I can only imagine someone thinking this will make it easier for them to fire/litigate dissidents, and that's the only reason it became "company" policy.

User reaction == best part (4, Insightful)

Benanov (583592) | more than 5 years ago | (#28377337)

FTFA: "No one has ever removed his or her name from consideration for a job due to the request, Sullivan added."
Then they're getting exactly what they asked for. Considering that users will hand out their passwords for a chocolate bar, this sort of line doesn't scare me much any more. Is that sad or am I just bitter?

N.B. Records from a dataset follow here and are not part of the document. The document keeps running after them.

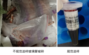 4)將樣品管置于管架上固定好后埋在干冰箱的中間部位,大體積干冰運輸。
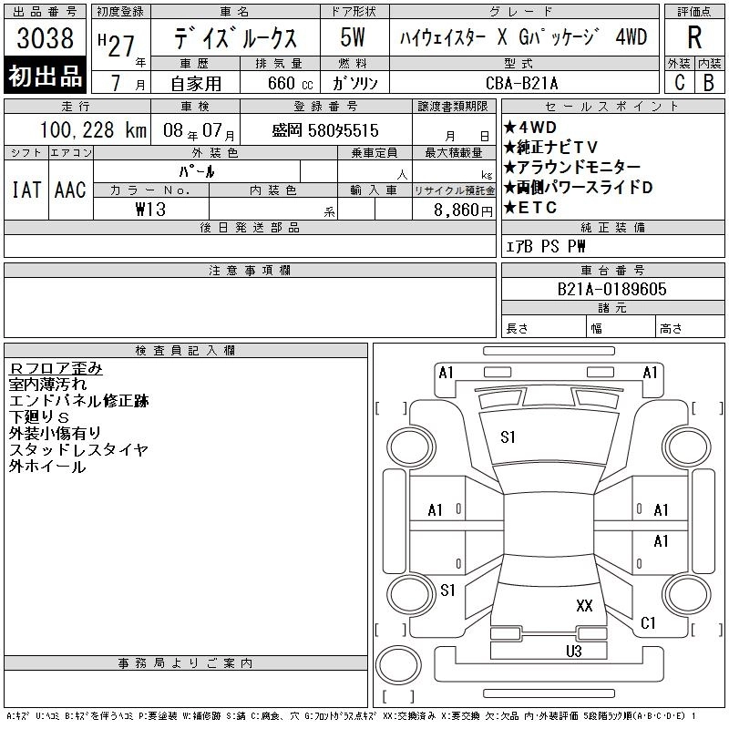 NISSAN DAYZ ROOX 2015 г., лот № 3038
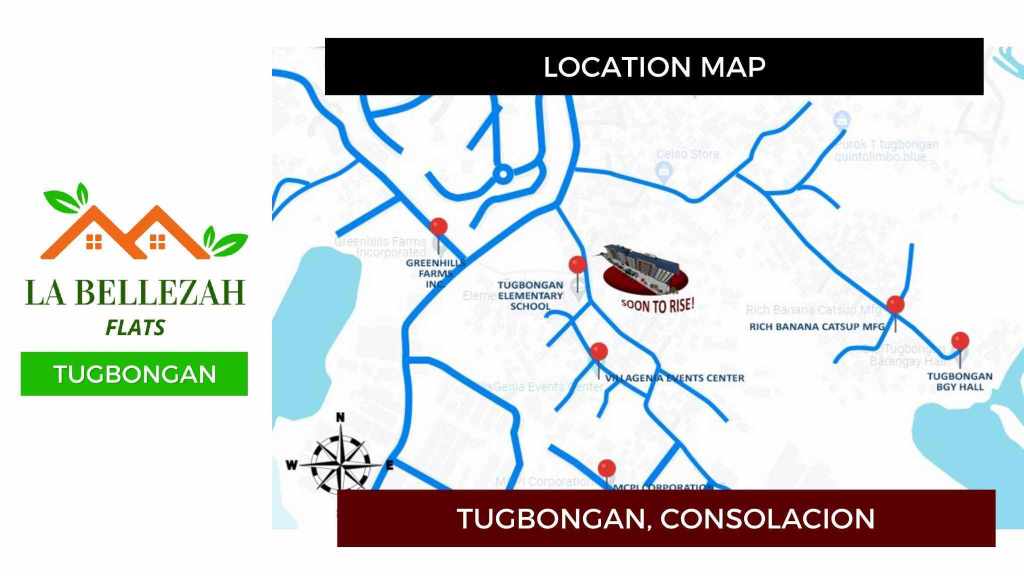 La Bellezah Flats is located in Tugbongan, Consolacion Cebu. To get there from Cebu City, you can travel by private vehicle, public jeepney or bus, or by taxi. If you’re driving a private vehicle, take the Cebu North Road (Mandaue-Cebu Highway) heading northbound. Pass through Mandaue City and continue along the main highway toward Consolacion. Look for signage for Tugbongan, which is located near the town center of Consolacion. The drive typically takes around 20 to 30 minutes, depending on traffic conditions.
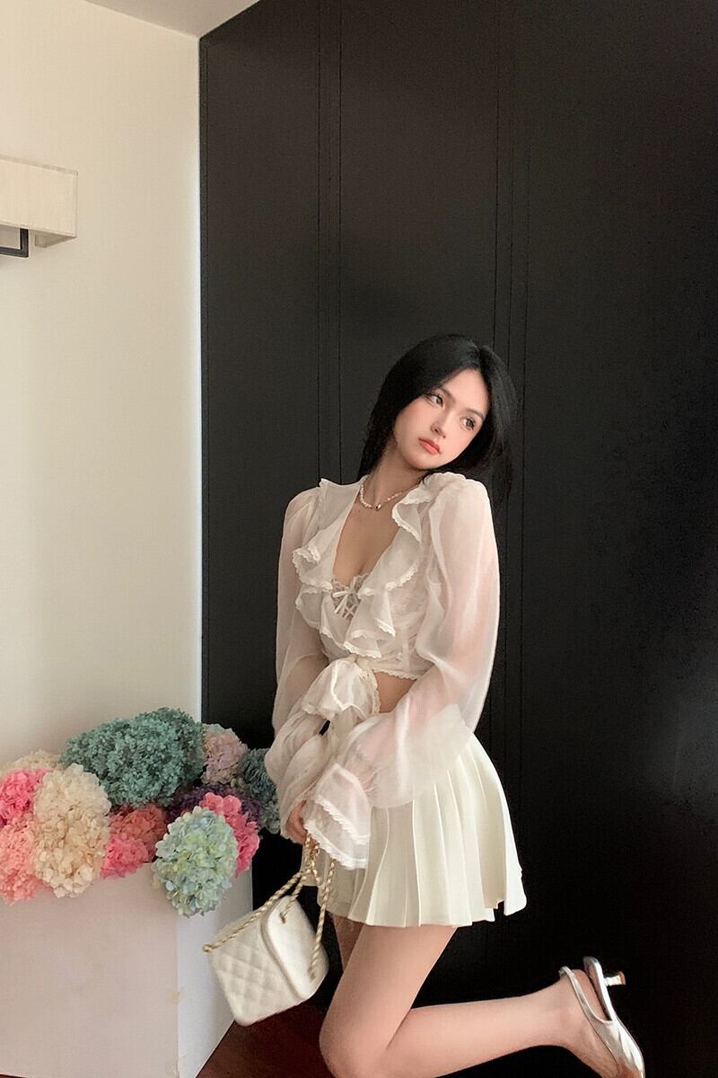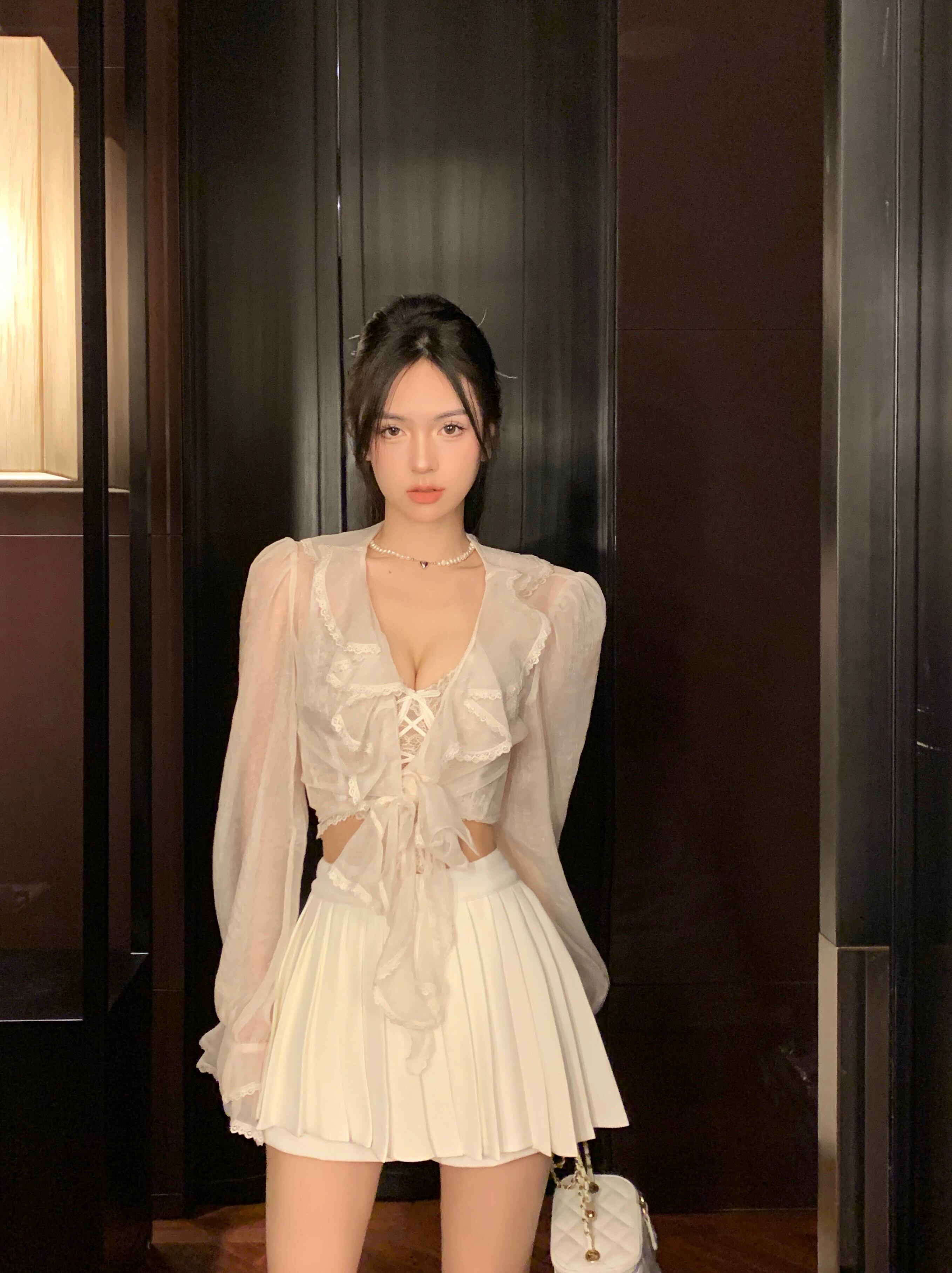 スイート スパイス ガール V ネックシフォンシャツ女性の夏の薄部透視レース日焼け止めカーディガンショートトップジャケット 大人ガーリー スウィート キュート カジュアル サマー 夏物 Vネック bstraw71417807394 | beaute25
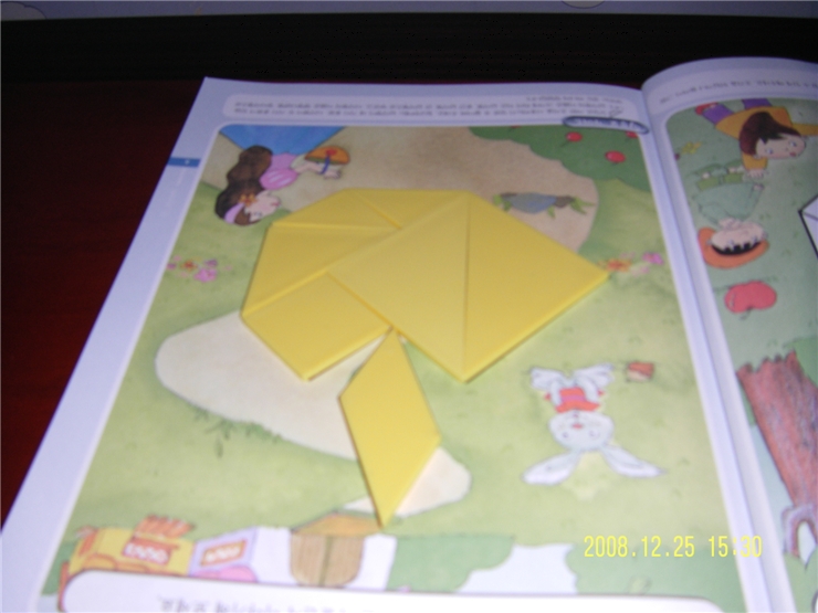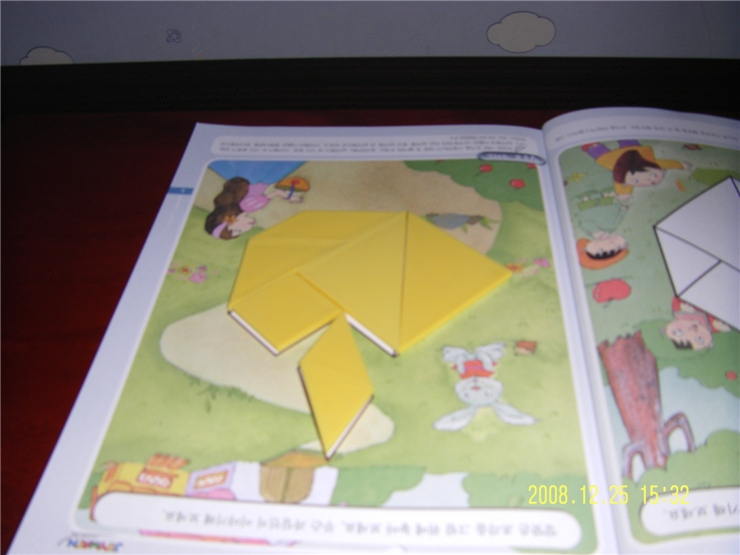 7개의 조각을 다 사용해야 할 만큼 모양의 크기가 커지니 몇 개의 조각을 움직여보더니 “모르겠다”하길래.. 책의 하단에 있는 “학부모 가이드”에 설명처럼 큰 삼각형을 먼저 집어주면서 이것부터 놓아보자 했더니..차츰차츰 맞춰가더군요 그리고 책으로 된 모양책이라 잘 펼쳐지지 않으면 칠교조각을 올려놓기 힘들거 같았는데 이책은 다른 책 제본 보다는 훨씬 잘 펴지게 만들었더군요..^^

If pressed, I would consider handing out the *wrong* passwords, though; when they come back saying they couldn't log in, I'd alert it to the sites in question as a TOS violation, employment discrimination, etc..

Re:User reaction == best part (1)

iamhigh (1252742) | more than 5 years ago | (#28377649)

Well, considering the city has a population of about 2200, they are all probably each others friend on facebook anyways. Small towns like that... you already know everyones business.

Worst Policy EVAR!!! EVER EVEN!!!! (5, Insightful)

Derekloffin (741455) | more than 5 years ago | (#28377341)

That is just plain moronic. You do NOT ask for people's passwords ever. That's bloody ridiculous. You'll get a total of two types, liars who give you nothing or fakes, or idiots you actually give you this info.

Re:Worst Policy EVAR!!! EVER EVEN!!!! (2, Funny)

TheGratefulNet (143330) | more than 5 years ago | (#28377717)

You'll get a total of two types, liars who give you nothing or fakes, or idiots you actually give you this info.

hang on. I now see the logic in this.

this is for GOVERNMENT work. I think you just described the ideal government civil-service worker!

maybe there's more thought to this than it appears.

Business Websites??? (4, Insightful)

ATestR (1060586) | more than 5 years ago | (#28377343)

"Please list any and all, current personal or business websites..." Really? Even if they can justify asking for personal information, business websites could include things like previous employer intranet logins, personal bank accounts, etc. If presented with a job application that included this kind of stuff, I would run, not walk, to the nearest exit.

HAHA OH WOW (1)

Riddler Sensei (979333) | more than 5 years ago | (#28377349)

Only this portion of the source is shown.